* _Input for this task_:
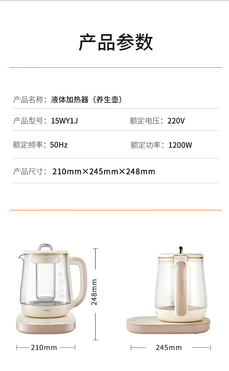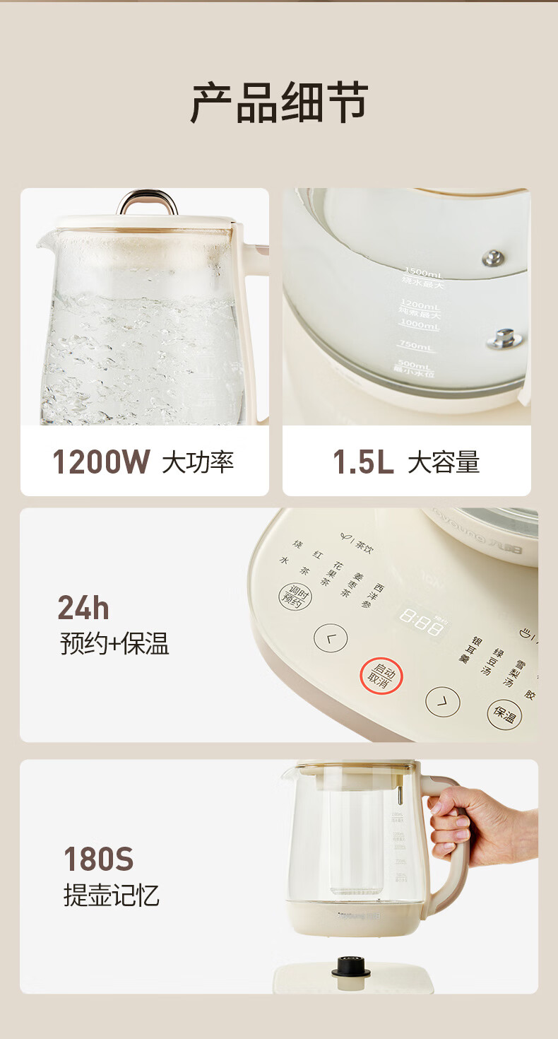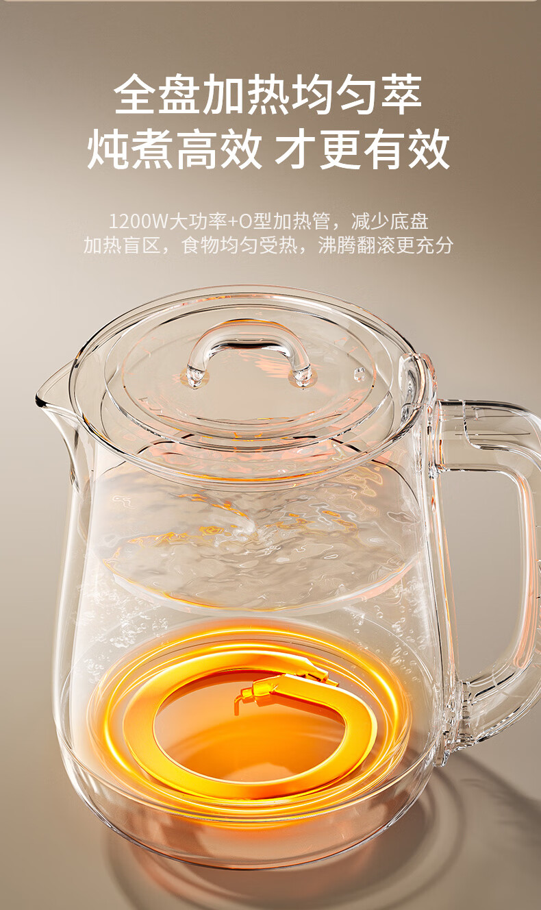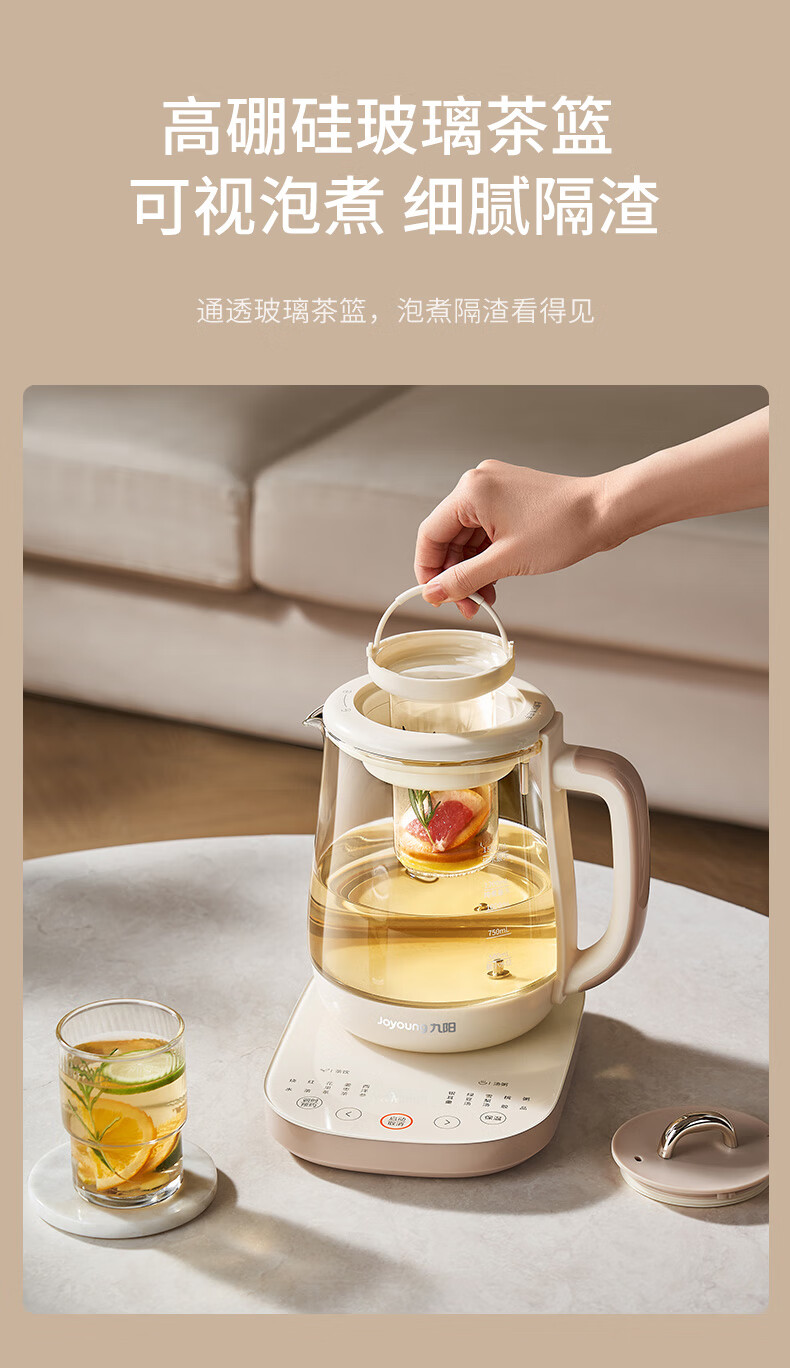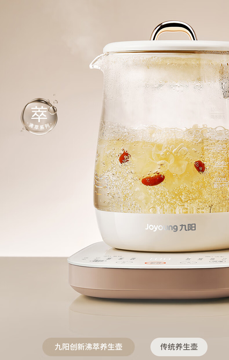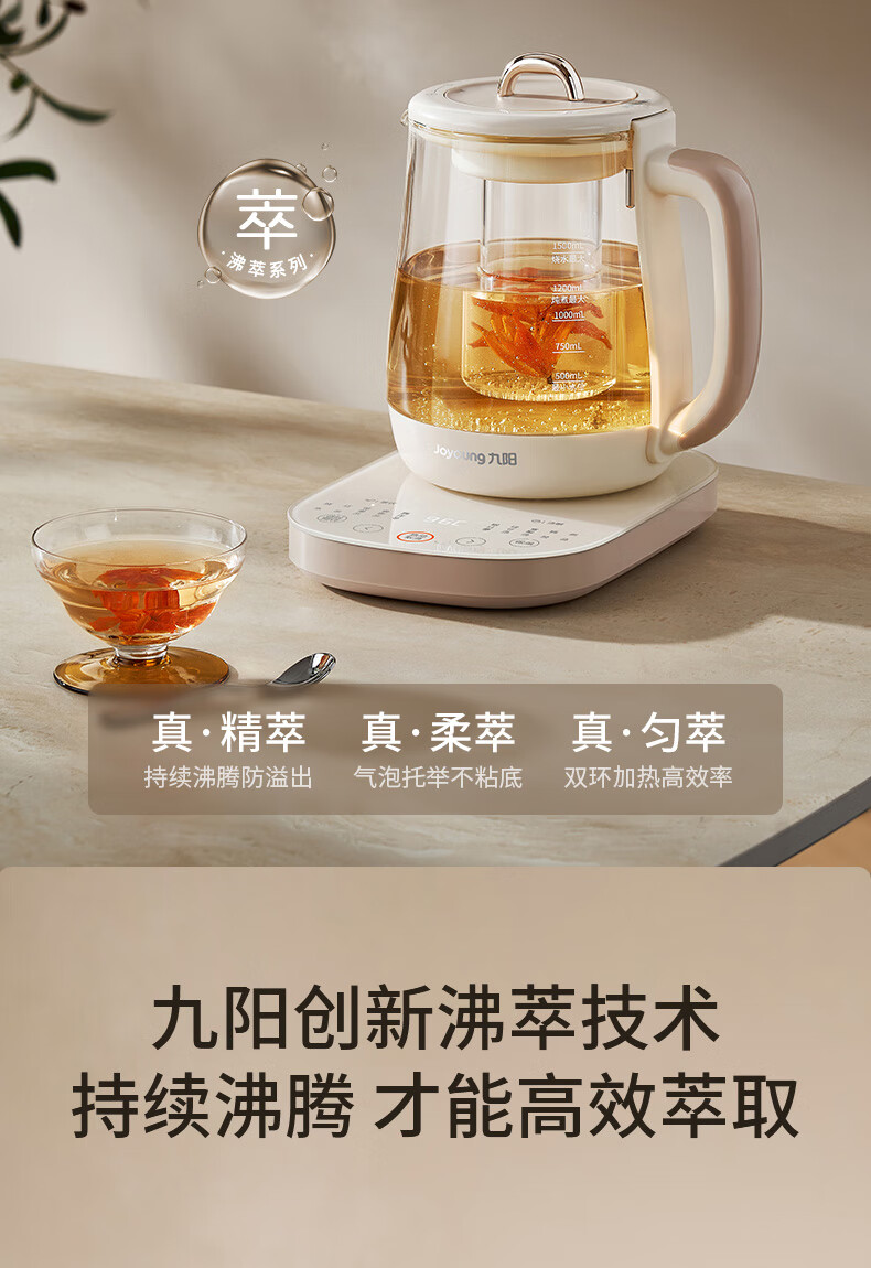 九阳(Joyoung)防溢沸萃家用养生壶迷你 1200W小气泡防糊恒温烧水壶 0胶水智能玻璃煮茶器【九阳漫生活】15WY1J
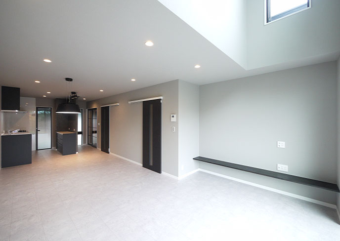 ❶LDKは約20帖のゆとりある空間。リビングには開放感あふれる吹抜けを設け、北側の景色を眺めながら心地よく過ごせます。キッチン奥には駐車場へつながる勝手口があり、買い物後の動線もスムーズです。
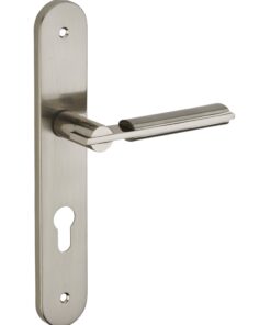 Description: Stamped steel plates. Molten alloy crutches. square steel 7 mm. Recall spring. Screws secable metals. Inter-axis of fixation 195 mm. Finish: Nickel-plated satin Version: Without hole for interior door. With condemnation button for bathroom door and W-C. With key hole for interior and exterior door. With European cylinder hole for exterior door. Usage:
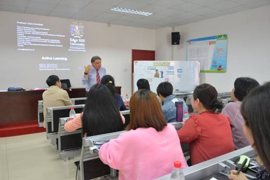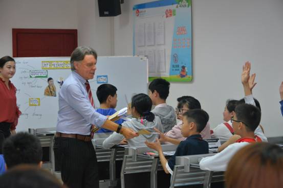 2019年4月24日上午,“www.betvlctor1946.com刘明东小学英语导师工作坊”首席导师刘明东教授与英国知山大学(Edge Hill University)Mark Schofield共同在工作坊基地公司——长沙市高新区金桥小学——为该校员工和工作坊名师成员举行了一场题为“Active Learning in Primary English Teaching”的学术活动。活动有中、外教师的现场授课,有活跃的师生互动,有Mark教授的微讲座,有教师的讨论。整个学术活动严谨、开放、活泼,收到了良好的效果,深受师生欢迎。
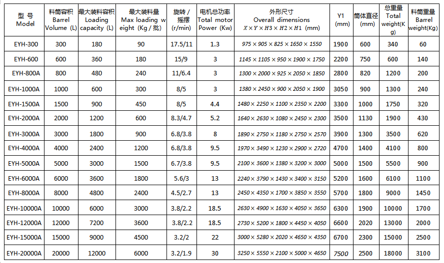 The rotary drum of the EYH two-dimensional mixer can perform two movements simultaneously, one is the rotation of the rotary drum, and the other is the swing of the rotary drum with the swing frame. The mixed material rotates, flips, and mixes inside the drum, while also undergoing left and right back and forth mixing movements with the swinging of the drum. Under the combined action of these two movements, the material is fully mixed in a short period of time. The EYH two-dimensional mixer is suitable for mixing all powder and granular materials.
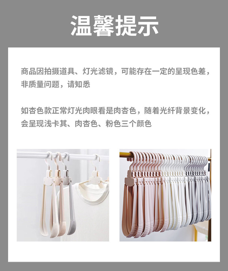 贴合衣物,不留痕不变形 宽领口窄领口都能轻松挂置 厚实坚韧不变形,拯救行李箱内的衣物褶皱 💰39.9到手三十把 杏粉色、浅灰色、奶白色混合发货
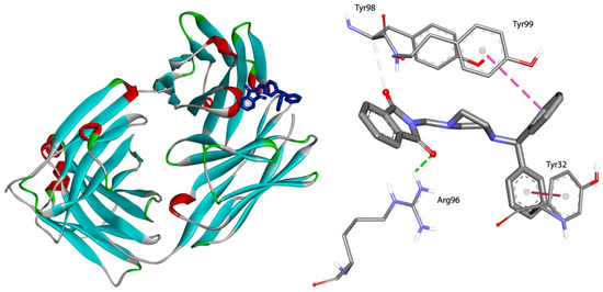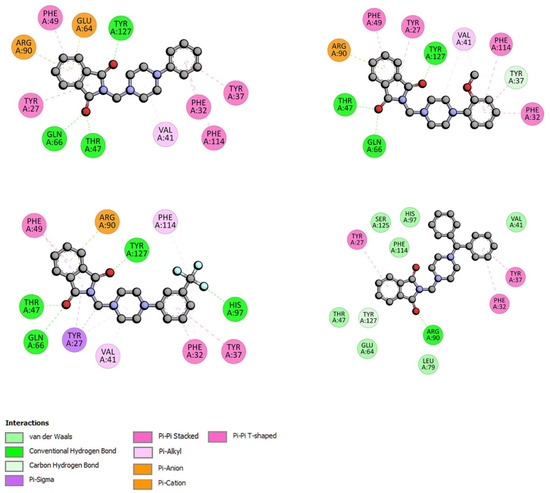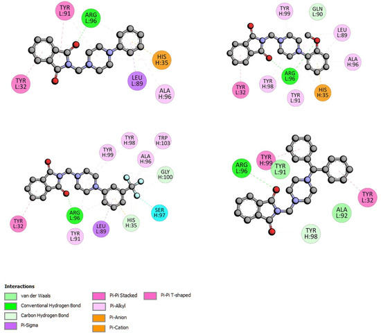The docking analysis indicated that the strongest interaction with gamma globulin is observed for phthalimide derivatives C and D, −35.09 and −35.12 kJ·mol−1, respectively. The location of compound analog D in the active site of GG is presented in Figure 6. Only one hydrogen bond between Arg96 and the oxygen atom from the carbonyl group is observed. The complex is further stabilized by hydrophobic interactions π-π stacked and π-π T-shaped between Tyr32, Tyr99, and two benzene rings. The Arg98 residue forms hydrogen bonds with the carbonyl group also in complexes with A, B, and C. The π contacts are observed. The details are presented in Figure 7.
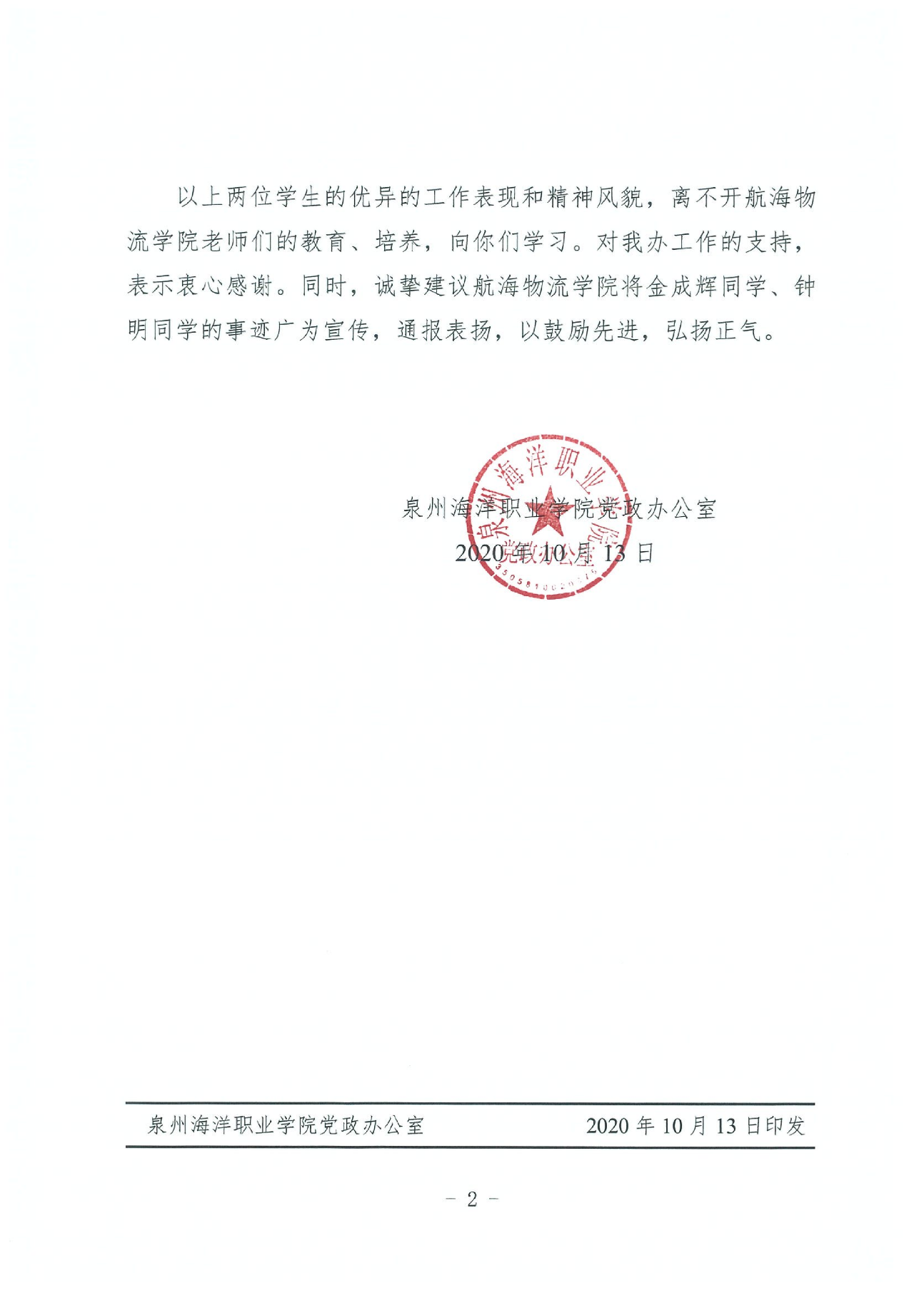 为此,我校为这两位同学提出实名表扬,并为这两位同学送出感谢信。
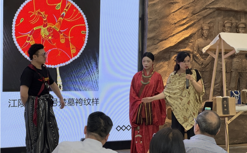 武昌城史馆作为湖北省首个区级城史馆,自2024年3月开馆以来,已成为武汉市民和游客了解武昌历史脉络、感受城市精神的重要窗口,为这场文化雅集注入独特的人文气场。现场,武汉纺织大学楚服研究专家、《衣以载道》作者郭丰秋教授携其十余年研究成果,系统阐释了楚服纹样的文化密码、深度解读了楚服纹样中暗藏的“无字史书”。
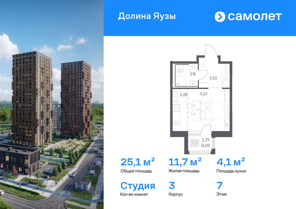 Строим кварталы для жизни с заботой о будущем. Предлагается квартира студия комфорт-класса 25,13 кв. м в корпусе 3 на 7 этаже, в ЖК «Долина Яузы»

* _Exercise directions_: Copy the listing exactly, omitting pictures.

* _Solution_:
 九阳(Joyoung)防溢沸萃家用养生壶迷你 1200W小气泡防糊恒温烧水壶 0胶水智能玻璃煮茶器【九阳漫生活】15WY1J
 ❶LDKは約20帖のゆとりある空間。リビングには開放感あふれる吹抜けを設け、北側の景色を眺めながら心地よく過ごせます。キッチン奥には駐車場へつながる勝手口があり、買い物後の動線もスムーズです。
 Description: Stamped steel plates. Molten alloy crutches. square steel 7 mm. Recall spring. Screws secable metals. Inter-axis of fixation 195 mm. Finish: Nickel-plated satin Version: Without hole for interior door. With condemnation button for bathroom door and W-C. With key hole for interior and exterior door. With European cylinder hole for exterior door. Usage:
 2019年4月24日上午,“www.betvlctor1946.com刘明东小学英语导师工作坊”首席导师刘明东教授与英国知山大学(Edge Hill University)Mark Schofield共同在工作坊基地公司——长沙市高新区金桥小学——为该校员工和工作坊名师成员举行了一场题为“Active Learning in Primary English Teaching”的学术活动。活动有中、外教师的现场授课,有活跃的师生互动,有Mark教授的微讲座,有教师的讨论。整个学术活动严谨、开放、活泼,收到了良好的效果,深受师生欢迎。
 The rotary drum of the EYH two-dimensional mixer can perform two movements simultaneously, one is the rotation of the rotary drum, and the other is the swing of the rotary drum with the swing frame. The mixed material rotates, flips, and mixes inside the drum, while also undergoing left and right back and forth mixing movements with the swinging of the drum. Under the combined action of these two movements, the material is fully mixed in a short period of time. The EYH two-dimensional mixer is suitable for mixing all powder and granular materials.
 贴合衣物,不留痕不变形 宽领口窄领口都能轻松挂置 厚实坚韧不变形,拯救行李箱内的衣物褶皱 💰39.9到手三十把 杏粉色、浅灰色、奶白色混合发货
The docking analysis indicated that the strongest interaction with gamma globulin is observed for phthalimide derivatives C and D, −35.09 and −35.12 kJ·mol−1, respectively. The location of compound analog D in the active site of GG is presented in Figure 6. Only one hydrogen bond between Arg96 and the oxygen atom from the carbonyl group is observed. The complex is further stabilized by hydrophobic interactions π-π stacked and π-π T-shaped between Tyr32, Tyr99, and two benzene rings. The Arg98 residue forms hydrogen bonds with the carbonyl group also in complexes with A, B, and C. The π contacts are observed. The details are presented in Figure 7.
 为此,我校为这两位同学提出实名表扬,并为这两位同学送出感谢信。
 武昌城史馆作为湖北省首个区级城史馆,自2024年3月开馆以来,已成为武汉市民和游客了解武昌历史脉络、感受城市精神的重要窗口,为这场文化雅集注入独特的人文气场。现场,武汉纺织大学楚服研究专家、《衣以载道》作者郭丰秋教授携其十余年研究成果,系统阐释了楚服纹样的文化密码、深度解读了楚服纹样中暗藏的“无字史书”。
 Строим кварталы для жизни с заботой о будущем. Предлагается квартира студия комфорт-класса 25,13 кв. м в корпусе 3 на 7 этаже, в ЖК «Долина Яузы»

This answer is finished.